I walked straight to my dads room. Call it a sixth sense, I knew right where to find him. I stood there for a long time. Silent. Unbelieving. How could the man who lay there be my dad. He looked just like him, but I knew it wasn't HIM. I got myself in trouble with a nurse for cutting off some of his hair... When I was escorted out, I walked into a waiting room full of my friends. All I wanted was to be alone. I left, and hid in the bathroom, until they told us we could leave. I just wanted to be alone. Alone in my practice jersey, my cleats still on, the muddy face with tear stained eyes was all I had left. The feeling from my dream was back. And every part of my body, especially my heart, was in excruciating pain.

Driving home, the only thought in my mind was- Dad, you PROMISED not today.

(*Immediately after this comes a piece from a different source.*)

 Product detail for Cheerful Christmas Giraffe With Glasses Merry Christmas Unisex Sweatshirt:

Today, the fireworks are everywhere. And, just the smell of them gives me a pain in the pit of my stomach. A pain of knowing that I knew, that I couldn't save him, the pain that he's gone. And today, I miss him, I miss what my family USED to be. And, I am deeply sad.

Friday, June 30, 2006

and the paradigm keeps shifting

I thought I had it all figured out. And then God spoke to my heart:

Beloved, do you not remember my words? Have you forgotten that I have a plan? You have stepped aside from the path I have made for you. You have never walked alone. You seek comfort in the hands of men, and you forget that I loved you first. Take hold of MY hands, and let ME see your heart. You were created in my image, beautiful among queens. You are my princess, and it is YOU that I died to save. Come away with me, to a place that I can fill your heart, and soul, and mind. Depend on me for strength. All that you need, I am.

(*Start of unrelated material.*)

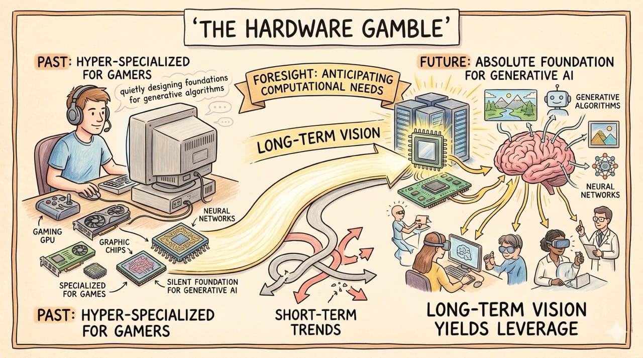 Nvidia spent decades building hyper specialized hardware for gamers while quietly designing the absolute foundation for generative algorithms.

Father, make me steadfast and true. Take away my guilt and shame, and make me free in you... Thank you for NEVER letting me go...

Thursday, May 11, 2006

take me away...

A land of fairytale dreams.

Where everyone lives with the love of the Savior.
Where my heart is whole, and my soul is free.
Where dogs can talk, and cats can dream.

Here, people aren't scared.
We speak our minds.
We speak in love.
We fear no evil.

In my land our fathers can't die.
Nobody blames us.
We are always protected.
Nobody beats us.
We walk with pride.
Nobody leaves us.

There are trees blooming with treats.
Instead of dollars we have hugs and smiles.
Every ill has a cure.
Every heart can be mended.
Every soul has a mate.
You can find confidence by the mile.

In my land of fairytale dreams...
I can trust.
I can love.
I can be loved.
I can ask for help.
Not that I need it.
I'm defended.
I'm protected.
I'm adored.
I'm perfected.
I can be pure.
I can be reverent.
I can adore.
I can follow.
I can be like Him.
As much as is possible.
I'm strong.
I'm brave.
I'm tough.
I'm tender.

People look at me and say:
She's real.
She's loved.
She's safe.
She's got something special.
I want to know her.
I want to understand her.
I want to meet the man who changed her life.


Here I eat apples and almond butter.
I'm beautiful inside and out.
I know how to help.
I know how to give.
I love unconditionally.
I pray without ceasing.
I'm allergic to nothing.
My skin never breaks out.
My abs are made of steel.
My heart is made as soft as gold.

Here, somebody loves me.
He sees something different.
I let him in.
And he chooses to stay.
He knows my true soul.
He adores my imperfections.
I give him my hand.
So he can marry me one day.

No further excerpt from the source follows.